Лапоть лежал на коленях, недоплетённый. Акулина смотрела на него и не могла заставить себя взяться за лыко. Пальцы не слушались. Не потому что устали. Потому что не было понятно, для чего.
Раньше было понятно. Лапти нужны, потому что мальчик растёт, потому что в поле выходить, потому что так надо. «Так надо» стояло за каждым движением, как стена за спиной. Ты опираешься на неё, не оглядываясь.
А теперь Митяй сказал «воля», и стена не то чтобы исчезла. Она стала мягкой. Или прозрачной. Акулина не могла подобрать слово. Она чувствовала, что опираться можно, но не обязательно. И от этого «не обязательно» было не легче. Было страшнее.
Митяй вернулся с двора. Разулся. Лёг.
– Ложись, – сказал.
– Сейчас.
– Лапоть завтра доплетёшь.
Она посмотрела на лапоть. Наполовину готовый. Пятка начата, но не загнута. Лыко в миске. Всё на месте.
– Митяй.
– Ну.
– А дети наши, они теперь чьи?
Он помолчал.
– Свои, наверно.
Он повернулся к стене. Через минуту засопел.
Акулина сидела. Лучина догорала. Она не вставила новую. Сидела в темноте, которая пахла овчиной и капустой, и слушала, как дышит сын на лавке, как храпит свекровь, как поскрипывает что-то на крыше, может ветер, может дерево.
«Свои, наверно.»
Она повторила это про себя. Не поняла, стало легче или тяжелее. Подумала, что утром спросит у соседки. Соседка ходила в церковь, может, расслышала больше. А может, и нет.
***
Утром всё было как вчера. Печь. Каша. Младший проснулся, не кашлял. Митяй оделся, ушёл. Свекровь гремела ухватом.
Акулина взяла лапоть. Лыко в миске стало мягким за ночь. Можно было плести.
Она начала. Пальцы работали сами. Тянули, подгибали, протаскивали. Ряд за рядом. Пятка шла.
Через два ряда она остановилась. Положила лапоть на колени. Посмотрела в оконце.
На дворе было то же самое. Снег, курица, забор. За забором поле. За полем лес. Барский лес.
Или уже не барский.
Или ещё барский, но скоро не барский.
Или барский, но это слово теперь значит что-то другое.
Она не знала. Никто в деревне не знал. Бумагу зачитали, но бумага была написана не для Акулины. Бумага была написана для тех, кто понимает слова вроде «выкупные платежи» и «временнообязанные». Акулина не понимала. Она понимала лыко, пятку, кашу, кашель, сорок вёрст до материной могилы.

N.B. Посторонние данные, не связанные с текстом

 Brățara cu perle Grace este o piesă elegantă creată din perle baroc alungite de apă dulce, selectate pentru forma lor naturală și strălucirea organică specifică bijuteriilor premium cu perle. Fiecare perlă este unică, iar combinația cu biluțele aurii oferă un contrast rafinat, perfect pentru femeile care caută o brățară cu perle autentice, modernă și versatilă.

Она подняла лапоть. Повертела. Хорошая работа, ровная. Мать бы похвалила.
Потом отложила. Вытерла руки о подол. Вышла в сени. Постояла.
Воздух был холодный и пах навозом. Обычный воздух. Она вдохнула глубоко, как будто проверяла: пахнет ли по-другому, когда ты свободная. Пахло так же.

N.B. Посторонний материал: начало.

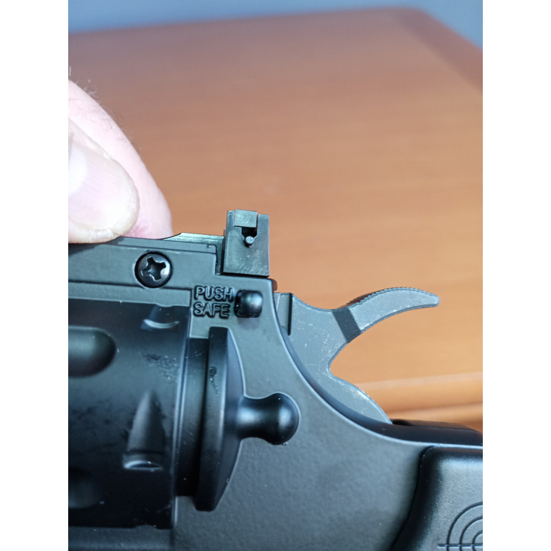 "Vista del seguro del Crosman Vigilante en posición de disparo, seguro de muy fácil manejo tan solo hay que presionar según convenga. "
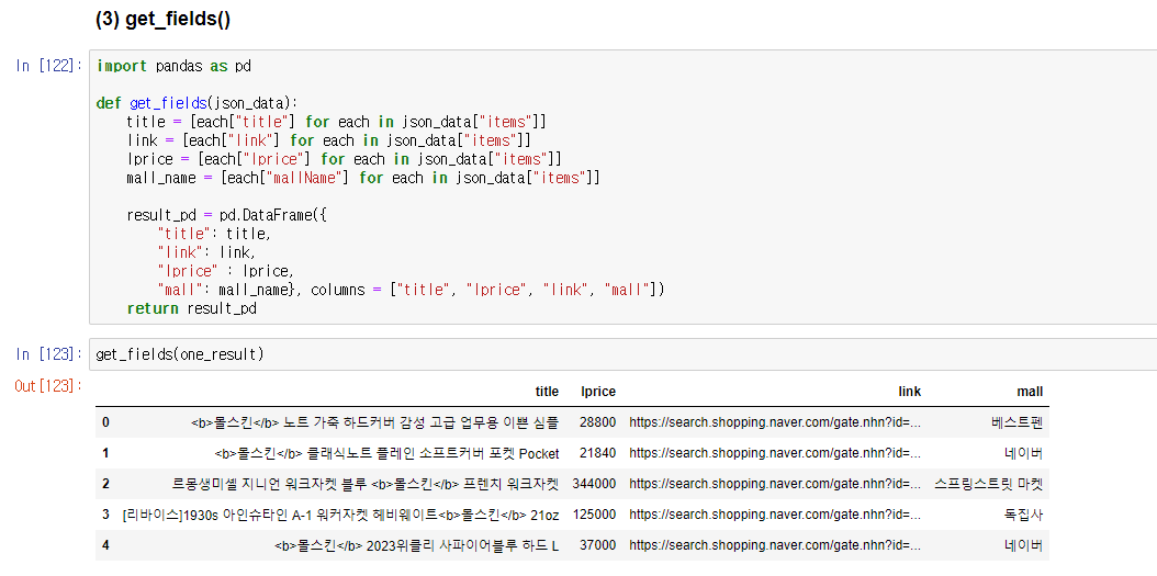 "mall": mall_name}, columns = ["title", "lprice", "link", "mall"])

Она вернулась в избу. Мальчик сидел на лавке и тёр глаза.
– Мам, есть хочу.
– Сейчас.
Она налила каши. Подула. Дала. Он ел, болтая ногами. Ноги были босые. Старые лапти малы, новые не готовы.
Акулина посмотрела на недоплетённый лапоть. Потом на сына. Потом снова на лапоть.
Можно было доплести. Нужно было доплести. Мальчику нужна обувка, воля или не воля.
Но пальцы не взялись за лыко. Не потому что не хотели. Потому что Акулина впервые за десять лет в этой избе сидела и думала не о том, что нужно, а о том, что можно.
Это длилось недолго. Может, минуту. Может, две. Потом она взяла лапоть, взяла лыко, и пальцы снова потянули, подогнули, протащили.
Но эта минута была.
И лапоть она в тот день так и не доплела.
***
19 февраля 1861 года манифест зачитали по всем церквям Российской империи. В Орловской губернии, по свидетельствам современников, крестьяне слушали молча. Многие не поняли прочитанного. Условия освобождения растянулись на десятилетия выкупных платежей. Слово «воля» звучало просто, а за ним стояла бумага на восемнадцати страницах, написанная языком, которого большинство из тех, кого она касалась, не знали.
Акулина вымышлена. Но женщины, которые узнавали новость не из манифеста, а из пересказа мужей, были настоящими. Их имён в бумагах нет. Ревизские сказки фиксировали их как «жена», без собственного голоса. То, что они думали в тот вечер, не записал никто.
Остался только лапоть. Недоплетённый. Обычный. Ничей.
А вам приходилось узнавать о переменах не из первых рук, а пересказом, в чужих словах, когда смысл уже изменился по дороге?